FrozenLake

This guide helps you quickly set up and run FrozenLake experiments with ReMe integration. The FrozenLake experiment demonstrates how task memory can improve an agent's performance in a navigation task.

Environment Setup

1. Clone the Repository

git clone https://github.com/modelscope/ReMe.git
cd ReMe/cookbook/frozenlake

2. FrozenLake Environment Setup

Install Gymnasium for FrozenLake environment:

pip install gymnasium

This will install: - gymnasium - for the FrozenLake environment - ray - for parallel execution - openai - for LLM API access - other dependencies

3. Start ReMe Service

If you haven't installed ReMe yet, follow these steps:

# Go back to the project root
cd ../..

# Create a virtual environment (optional)
conda create -p ./reme-env python==3.10
conda activate ./reme-env

# Install ReMe
pip install .

Launch the ReMe service to enable memory library functionality:

reme \
  backend=http \
  http.port=8002 \
  llm.default.model_name=qwen-max-2025-01-25 \
  embedding_model.default.model_name=text-embedding-v4 \
  vector_store.default.backend=local

Add your api key for agent:

export OPENAI_API_KEY="xxx"
export OPENAI_BASE_URL="xxx"

Run Experiments

1. Quick Test: Performance Evaluation Only (Default)

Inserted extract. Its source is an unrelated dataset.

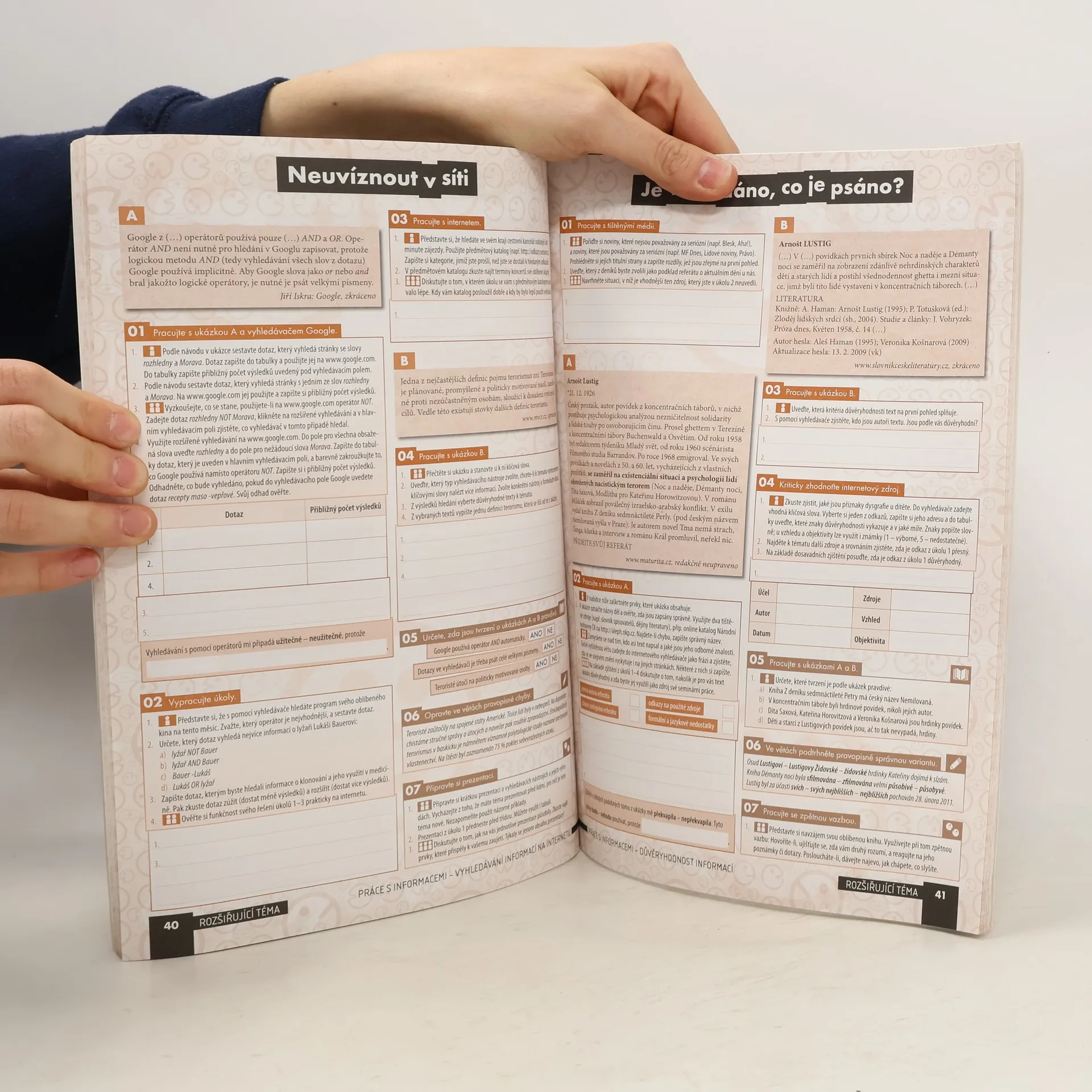 Pracovní sešit prověřuje znalosti a rozvíjí dovednosti v návaznosti na učebnici. Významně také napomáhá rozvoji klíčových kompetencí a důležitých dovedností studentů. Struktura pracovního sešitu kopíruje strukturu učebnice – jsou zde stejné tematické celky a kapitoly. Kapitola v učebnici a kapitola v pracovním sešitě přitom představuje pestrý a bohatý materiál pro vyučovací hodinu i domácí přípravu studentů. Počet úkolů je navíc lehce naddimenzovaný, takže je vždy možné vybírat úkoly vhodné pro konkrétní třídu, přizpůsobit se jejímu tempu a její úrovni. Každá kapitola obsahuje několik bloků úkolů, z nichž velká část vychází z ukázky autentického materiálu ve formě písemné, zvukové či obrazové. Úkoly jsou zaměřeny na analýzu i aplikaci a neustále nutí studenty k přemýšlení a hledání souvislostí. Jsou zde rovnoměrně zastoupeny úkoly určené pro jednotlivce, dvojice a skupiny. Kromě bloků zaměřených na aktuální látku kapitoly (s výjimkou komunikačních) obsahují také tři bloky

Run the main experiment script to test agent performance using existing memory:

cd cookbook/frozenlake
python run_frozenlake.py

What this does: - Tests the agent on randomly generated FrozenLake maps - Uses the default memory library (frozenlake_no_slippery) - Evaluates performance with multiple runs for statistical significance - Results are automatically saved to ./exp_result/ directory

2. Advanced: Training + Testing (Memory Generation)

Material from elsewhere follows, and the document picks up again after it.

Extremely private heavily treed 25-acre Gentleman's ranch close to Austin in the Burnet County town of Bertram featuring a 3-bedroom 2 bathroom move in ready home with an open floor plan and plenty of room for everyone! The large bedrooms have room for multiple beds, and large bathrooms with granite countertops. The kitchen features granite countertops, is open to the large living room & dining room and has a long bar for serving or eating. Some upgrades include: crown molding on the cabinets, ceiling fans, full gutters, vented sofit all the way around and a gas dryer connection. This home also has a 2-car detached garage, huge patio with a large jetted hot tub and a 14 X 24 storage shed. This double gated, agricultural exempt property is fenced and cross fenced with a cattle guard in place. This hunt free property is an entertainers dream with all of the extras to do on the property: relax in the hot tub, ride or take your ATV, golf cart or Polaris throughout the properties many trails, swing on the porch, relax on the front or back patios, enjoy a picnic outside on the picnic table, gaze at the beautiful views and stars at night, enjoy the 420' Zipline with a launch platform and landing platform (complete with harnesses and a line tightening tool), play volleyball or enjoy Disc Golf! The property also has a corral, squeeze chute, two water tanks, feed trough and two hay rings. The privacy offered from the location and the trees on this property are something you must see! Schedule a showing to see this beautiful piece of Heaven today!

To create new memories through training and then test performance:

You can modify the experiment parameters directly in the run_frozenlake.py file. The main parameters are in the main() function:

def main():
    experiment_name = "frozenlake_no_slippery"  # Name of the experiment
    max_workers = 4                           # Number of parallel workers
    training_runs = 4                         # Runs per training map
    num_training_maps = 50                    # Number of maps for training
    test_runs = 1                             # Runs per test configuration
    num_test_maps = 100                       # Number of test maps
    is_slippery = False                       # Enable slippery mode

Key parameters to consider: - experiment_name: Used as the workspace ID for task memory - is_slippery: When True, agent movement becomes stochastic (harder) - max_workers: Increase for faster execution on multi-core systems

3. View Experiment Results

After running experiments, analyze the statistical results:

python run_exp_statistic.py

What this script does: - Processes all result files in ./exp_result/ - Calculates success rates and performance metrics - Generates a summary table showing performance comparisons - Analyzes the effect of task memory on performance - Saves results to frozenlake_summary.csv

Understanding the Implementation

Key Components

FrozenLakeReactAgent (frozenlake_react_agent.py)
Implements a ReAct agent that interacts with the FrozenLake environment
Handles task memory retrieval and storage
Uses LLM (via OpenAI API) for decision making
Experiment Runner (run_frozenlake.py)
Manages the overall experiment flow
Handles training and testing phases
Uses Ray for parallel execution
Map Manager (map_manager.py)
Generates and manages test maps
Ensures consistent evaluation across experiments
Statistics Analyzer (run_exp_statistic.py)
Processes experiment results
Calculates performance metrics
Generates comparative analysis

Output Files

./exp_result/*_training.jsonl: Results from training phase
./exp_result/*_test_no_memory.jsonl: Test results without task memory
./exp_result/*_test_with_memory.jsonl: Test results with task memory
./exp_result/frozenlake_summary.csv: Statistical summary

Task Memory Mechanism

The task memory system works as follows:

Memory Creation: During training, successful trajectories are sent to the ReMe service
Memory Retrieval: During testing, the agent queries relevant memories based on the current map
Memory Application: The agent uses retrieved memories to guide its decision-making

The experiment demonstrates how task memory can significantly improve performance, especially in challenging environments like the slippery FrozenLake.